I am sadly reminded of an article that I wrote last year on the issue of race while covering the Oscars in LA. Another year then, same issue.
The year before 2013, it was all about 12 Years A Slave, a film with race slap bang at its core, an epic which Academy voters could not ignore. And they didn't, a black filmmaker, Britain's Steve McQueen rightly recognised.
It was a turning point surely, said many in the industry who had voiced their concerns on the glaring lack of diversity.
But the next year I was back in LA and it was all about a film shockingly overlooked in many of the main categories, Selma, which everyone wanted to talk about.
For me it was simply one of the best films of the year, deeply moving, brilliantly acted, and important.

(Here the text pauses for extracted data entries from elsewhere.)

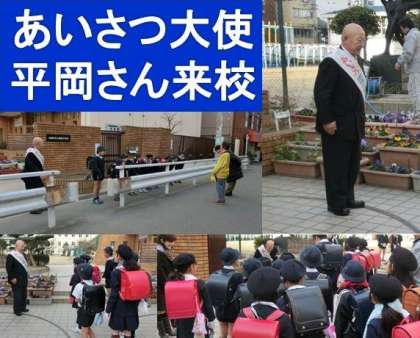 本日、登校時あいさつ大使の平岡さんが来校され、大きい声で子どもたちにあいさつをしてくださいました。平岡さんは、あいさつボランティアで全国各地をまわっておられます。平岡さんの元気で大きい声に、子どもたちも精一杯応えて、とても良いあいさつができていました。低学年の女の子が「また明日も来てね」と平岡さんに声をかけていました。子どもたちの心にも、大きく響いたのでしょう。あいさつは、一日を気持ちよくスタートさせる元気の源だと再認識しました。
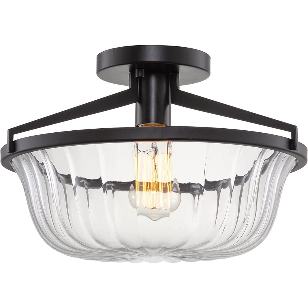 14 inch farmhouse semi flush mount ceiling light black frame ceiling lamp with glass shade
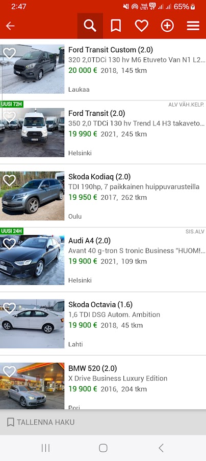Nettiauto — самая популярная в Финляндии авторынка, где можно найти все подержанные и новые автомобили. Легко покупайте, продавайте и обменивайте автомобили. В приложении Nettiauto вы можете искать все подержанные и новые автомобили, выставленные на продажу на Nettiauto, используя точные критерии поиска, сохранять избранные поисковые запросы и отмечать интересные объявления в списке избранного. Каждый автомобиль, выставленный на продажу, содержит от 1 до 24 фотографий, подробную техническую информацию и контактную информацию продавца. Вы также можете прочитать вопросы, заданные продавцу, увидеть местоположение продавца на карте и отправить ему личные сообщения. Войдите в свою учетную запись Alma, чтобы оставлять и управлять своими объявлениями, а также отвечать на сообщения.

I attended a networking event for black filmmakers in Hollywood who meet to support each other, and to say there was deep concern would be an understatement.
David Oyelowo, the star who so brilliantly played Martin Luther was gracious talking about his glaring omission in the best actor category, but his fellow actors and directors did not pull their punches.
"They got it wrong, something went wrong" was what the director and actor Bill Dukes told me.
He has made documentaries on the issue of race and skin colour today, broadcast on Oprah Winfrey's channel (he asked me to be in one of these and I happily contributed last year).
Yes, he said, the Academy voters are overwhelmingly white and male, but the issue goes right back to the studios that commission and pay for new films.
If they are not green-lighting films which rightly reflect diversity today, the Academy voters can't nominate them.
This was an opinion echoed by many of those present - it's not just an Academy problem - it's an industry-wide problem.
And it's not unique to film. Idris Elba's words to MPs yesterday are testament to that.
2016 - and here we still here talking about the lack of diversity in film and television. How depressing.